Data excerpts
- Opening Delimiter -

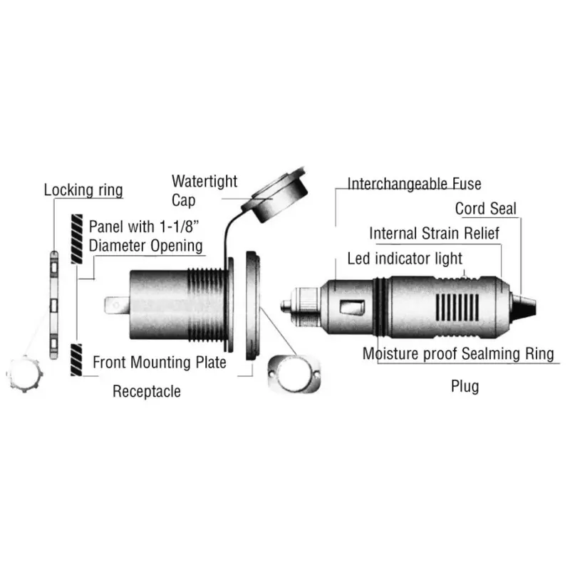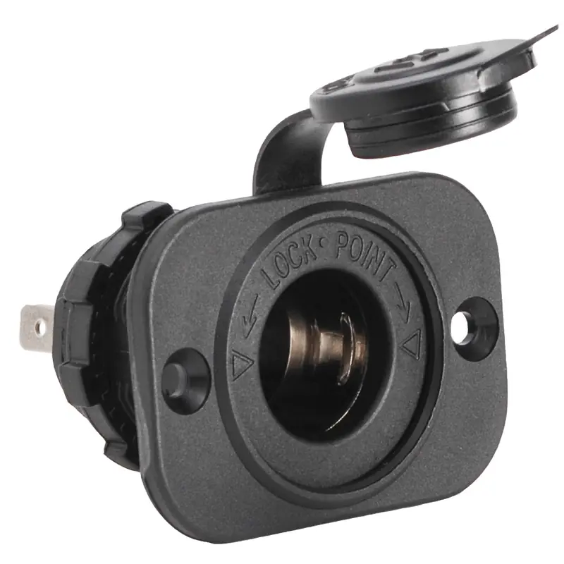 Secure and water resistant socket designed for lighters and phones.
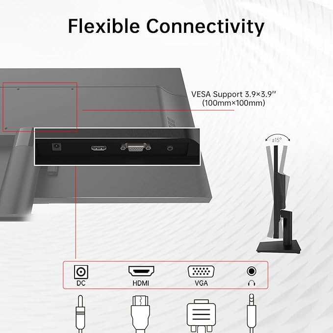 - [Adjustable Viewing Angle] Tiltable from -5° to 15°,VESA mounting compliant (100 x 100mm), to adapt to different environments and use cases,effortlessly adjust to your preferred angle for maximum comfort.
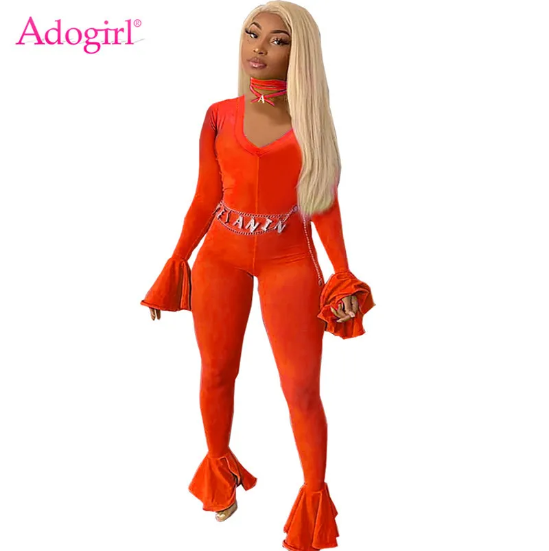 Special Offer Adogirl Women Sexy solidny kombinezon Flare głęboki dekolt długi rękaw dzwonkowy Casual Romper Foot But Pants 2019 jesienne modne kombinezony Discount 47% Today!
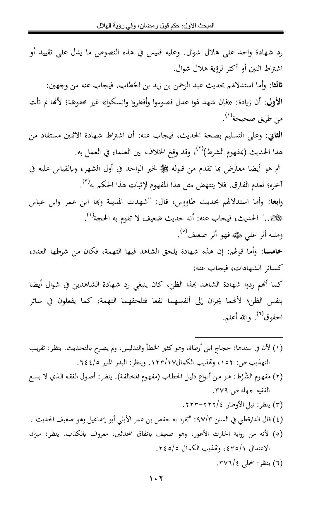 رد شهادة واحد على هلال شوال. وعليه فليس في هذه النصوص ما يدل على تقييد أو اشتراط اثنين أو أكثر لرؤية هلال شوال.
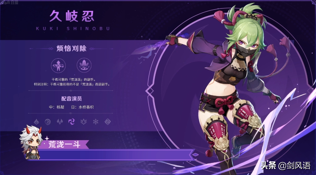 久岐忍(四星、单手剑、雷元素),定位雷系辅助奶妈。
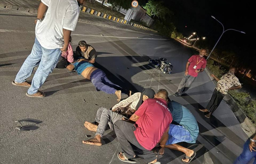 މިރޭ 7:30 ވާން އުޅެނިކޮށް އެ އެކްސިޑެންޓު ހިނގީ ކައްދޫ އެއާޕޯޓު ކައިރިން ޒިބްރް ކްރޮސް އިން މަގު ހުރަސްކުރަން އުޅުނު ބައެއްގެ ގައިގައި ސައިކަލަކުން ޖެހިގެންނެވެ.
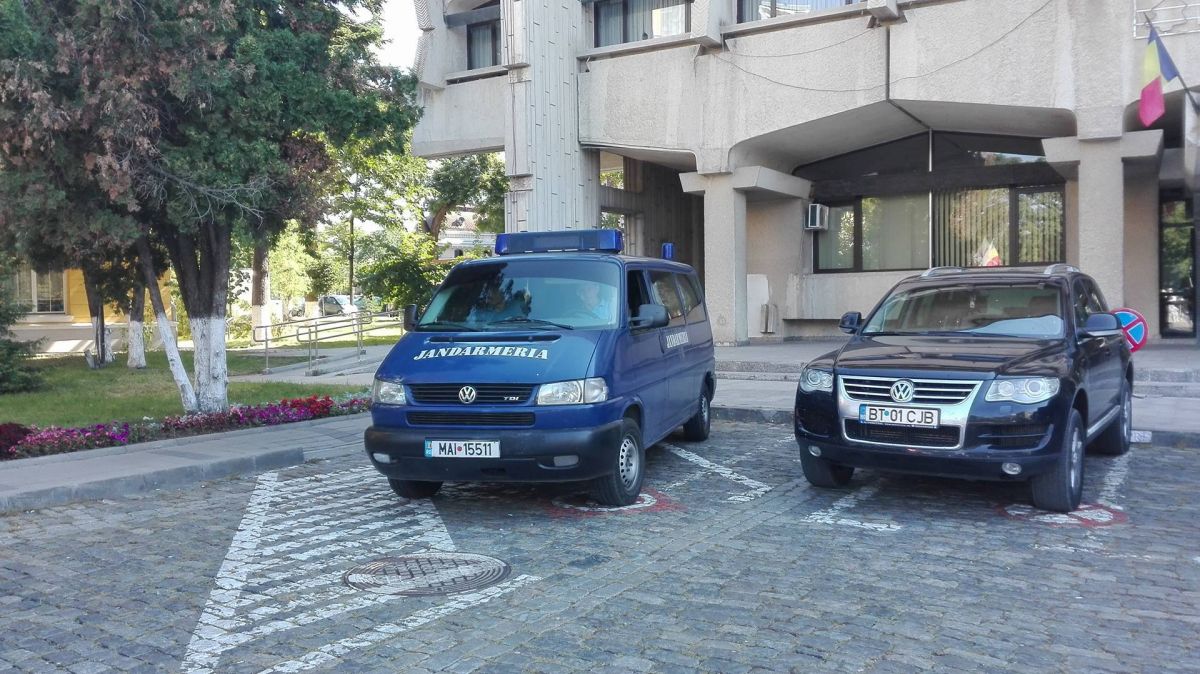 Pentru protecția lui în fața Prefecturii a ajuns și un echipaj de jandarmi.
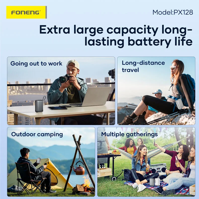 - Powerful 65W Fast Charging for Laptops and Devices: The Foneng PX128 Power Bank delivers up to 65W high-speed output, capable of charging laptops, tablets, and smartphones rapidly. Perfect for users who need fast, reliable power during work, travel, or outdoor activities.
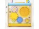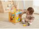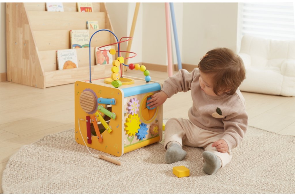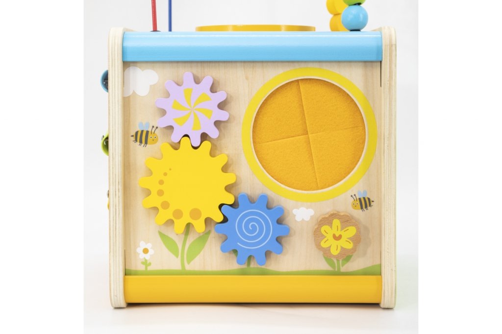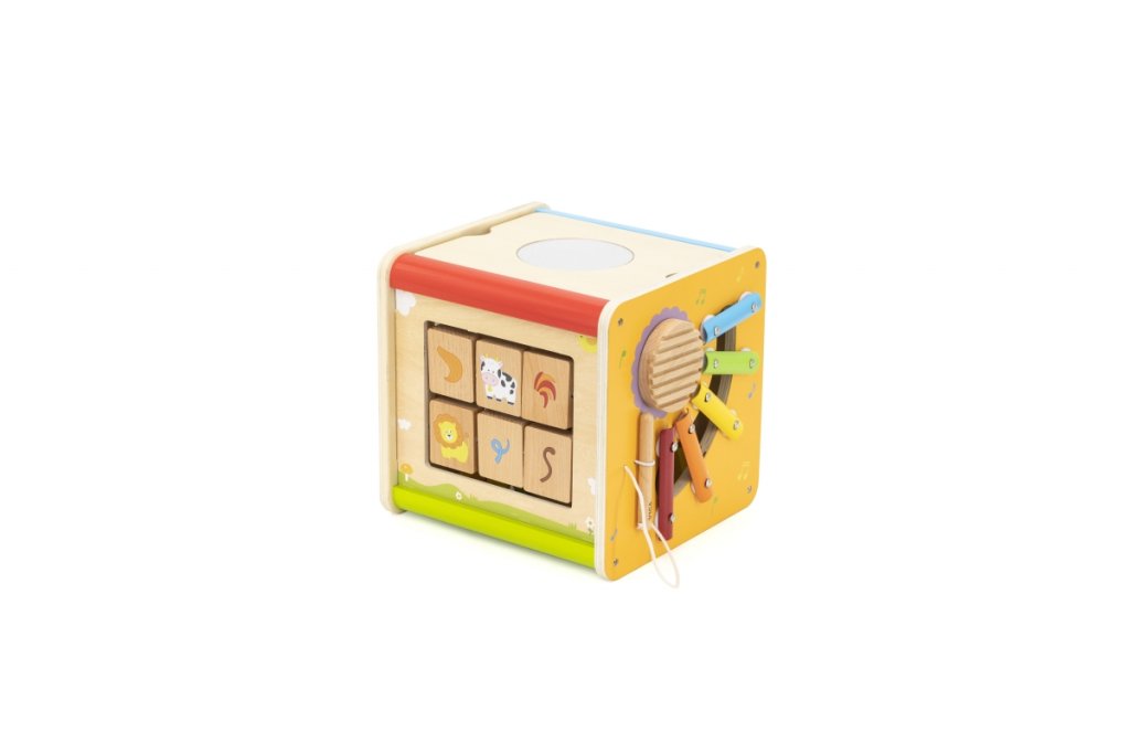 Box obsahuje xylofon, labyrint, stírací desku, překlápěcí kostky, tvary, tabulku na křídy, zrcadlo, ozubená kolečka, a tajemnou krabičku.
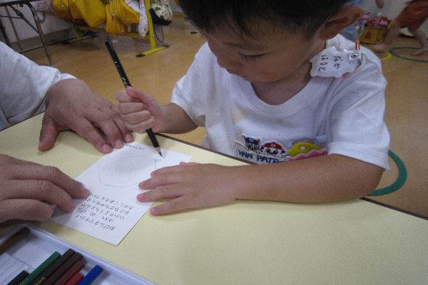 ハガキにお手紙を描きました。
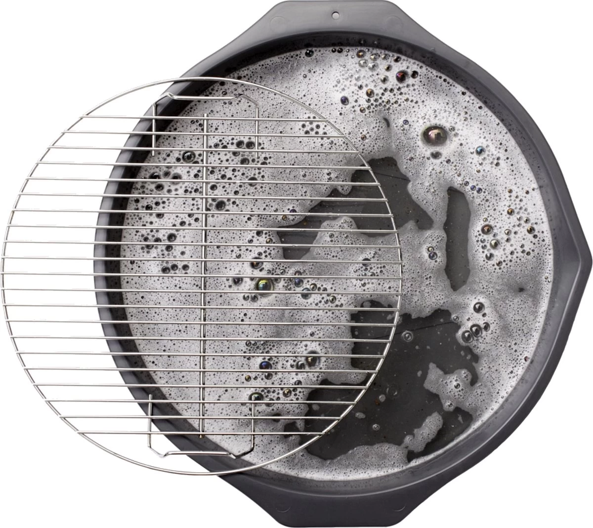- le GRILL WASH – un joli grand plateau de nettoyage dans lequel votre grille peut bien s’imprégner Chaque grille ronde (remarque : jusqu’à 48 cm) s’adapte parfaitement.
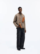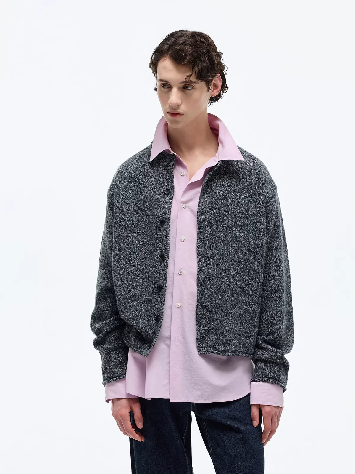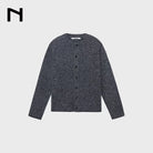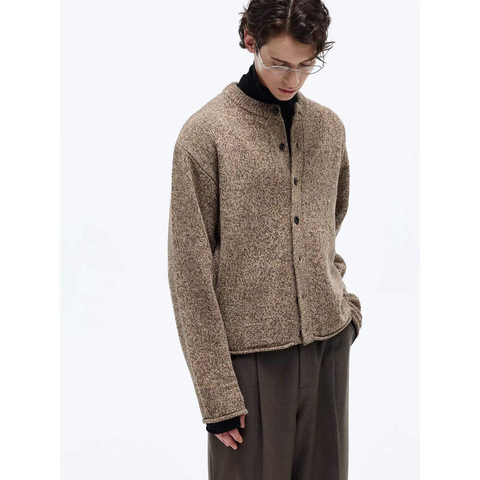 Elevate your everyday style with this men's slim crew neck cardigan, crafted from an extra fine merino wool blend for a soft and refined texture. Designed with a clean, collarless neckline and rolled-edge finishing, this classic knit features a button-up front with subtle black buttons. The heathered brown color adds warmth and versatility, perfect for layering over a turtleneck or shirt. Pair with relaxed trousers for a modern, polished look.
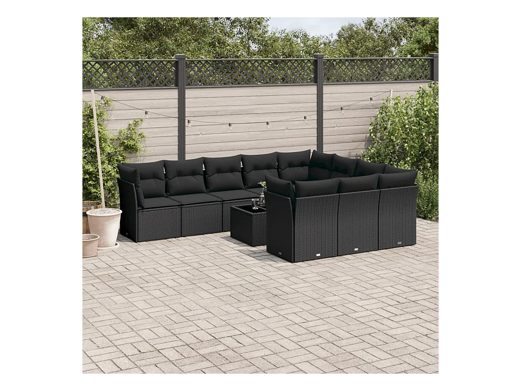 Salon de jardin 10 pcs avec coussins noir résine tressée
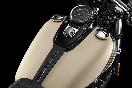Sie ist schlank, schwarz und ultraflach: Die neue Tankkonsole mit 5 Zoll großem Tachometer und integriertem Zündschloss verleiht der Fat Bob® einen charakteristischen Custom-Look
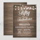 Rustic 50th Birthday Invitation with String Lights Wood Background. Woman Birthday Party. Fifty and Fabulous. Any age. For further customization, please click the "Customize it" button and use our design tool to modify this template.
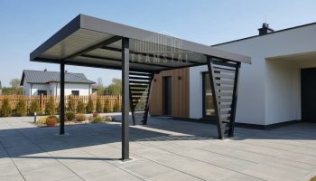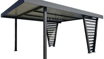 • Szerokość: 4m • Długość: 5m • Szerokość wjazdu: 380 cm • Szerokość zewnętrzna: 408 cm (wymiar wraz ze stopą słupa) • Słupy przód: 2 sztuk  z profila zamkniętego stalowego 100×100 mm, na solidnych stopach 180×180 mm (cofnięte 80 cm od przodu) • Słupy z tyłu konstrukcji w kształcie V wypełnione profilami poziomymi (cofnięte o 50 cm od tyłu) • Dach: Blacha trapezowa T18 plus o grubości 0,6-0,7 mm Ciemny grafit antracyt RAL7016 • 4 belki stalowe pod dachem z profilu 800×40 mm • Obróbka blacharska dachu: szerokość 200mm, mocowana na blachę za pomocą nitów szczelnych, dopasowanych kolorystycznie do koloru blachy • Konstrukcja skręcana śrubami M16 • Wysokość całkowita z przodu: 238cm • Wysokość całkowita z tyłu: 218cm • Wysokość światła wjazdu: 218cm • Spad dachu: na tył • Cała konstrukcja carportu malowana metodą proszkową
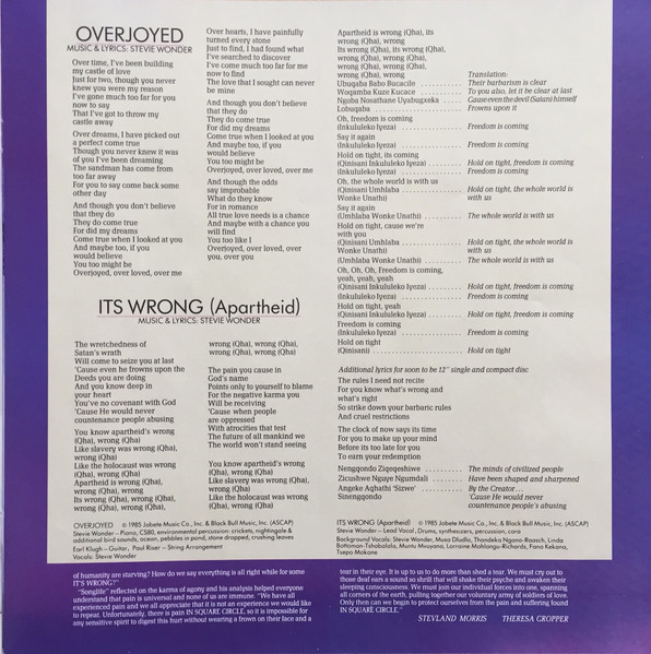 - Liner Notes – Stevland Morris, Theresa Cropper
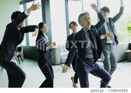 喜ぶオフィスの仲間 撮影協力「LINK FOREST」
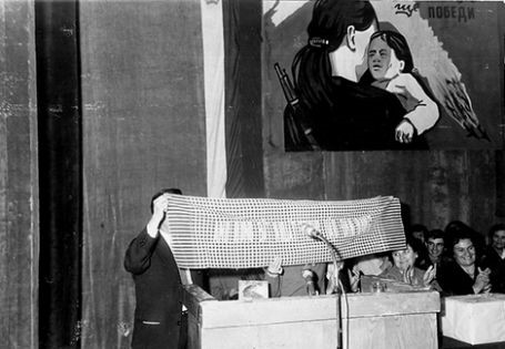 Bà Nguyễn Thị Thập đọc tham luận trong buổi kỷ niệm 50 năm Cách mạng Tháng 10 Nga tại Liên Xô (nay là nước Nga), năm 1967.

- Closing Delimiter -

ACTION ITEM: What you return must match, line for line, the records from the line containing "- Liner Notes" through their end, with both ends included and no pictures.

RESULT FOR THIS TASK:
 - Liner Notes – Stevland Morris, Theresa Cropper
 喜ぶオフィスの仲間 撮影協力「LINK FOREST」
 Bà Nguyễn Thị Thập đọc tham luận trong buổi kỷ niệm 50 năm Cách mạng Tháng 10 Nga tại Liên Xô (nay là nước Nga), năm 1967.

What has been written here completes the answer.